Minnesota Small Business Law | What’s A Registered Agent And Why Do You Need One?

Minnesota Partnership AgremeentsAnyone who plans on incorporating a business in Minnesota, including those interested in creating a corporation or LLC, has likely run into the phrase “registered agent.”

To find out more about what a registered agent is, what they do and why they are important, keep reading.

Minnesota Small Business Law | What’s a registered agent?

Registered agents are people (or companies) who are designated to receive legal documents, government notices and other important paperwork. Registered agents provide a way for others to file suit against your company and are the point person for the delivery of tax documents or payments and other official matters concerning the business. Though a registered agent is certainly an important part of registering a business in Minnesota, there’s no reason that the registered agent must play an active role (or any role) in the business itself.

Minnesota Small Business Law | Requirements of a registered agent

Registered agents must list not only their names, but also contact information, including a physical address where paperwork can be delivered. In Minnesota, the law says that the registered agent must have a publicly accessible address. This means that the address will be made a matter of public record and can be found by anyone who is interested. The address must have a street number and cannot simply be a PO Box.

Who can be a registered agent?

In some cases, the owner or another officer of the company serves as its registered agent. This can be a simple solution and requires little work or thought. In other cases, business owners decide to use a company or another person as the registered agent.
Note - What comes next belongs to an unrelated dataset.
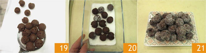 Colócalas a medida que las sacas en una bandeja forrada con papel absorbente de cocina 19. Una vez terminado de freír, enrolla las bolas en azúcar granulada 20. ¡Tus castagnole de chocolate están listas 21!

Under Minnesota law (Minnesota Statutes Chapter 5, Section 36), registered agents can be a person, a domestic corporation, a limited liability company or a foreign (meaning out-of-state) company authorized to do business in the state. Businesses do this for several reasons, including a desire to shield the owners from having their names and information revealed publicly. In other cases, businesses owners select a company to serve as their registered agent because they do not live in the state and thus do not have a physical Minnesota address.

Minnesota Small Business Law | Why do you need one?

Besides the legal requirement to have one, there are a few important benefits of having a registered agent. First, it’s good to know you won’t need to worry about missing out on important legal or tax documents. The fact that someone has been designated as being generally available to receive such things means there’s little chance of them slipping through the cracks.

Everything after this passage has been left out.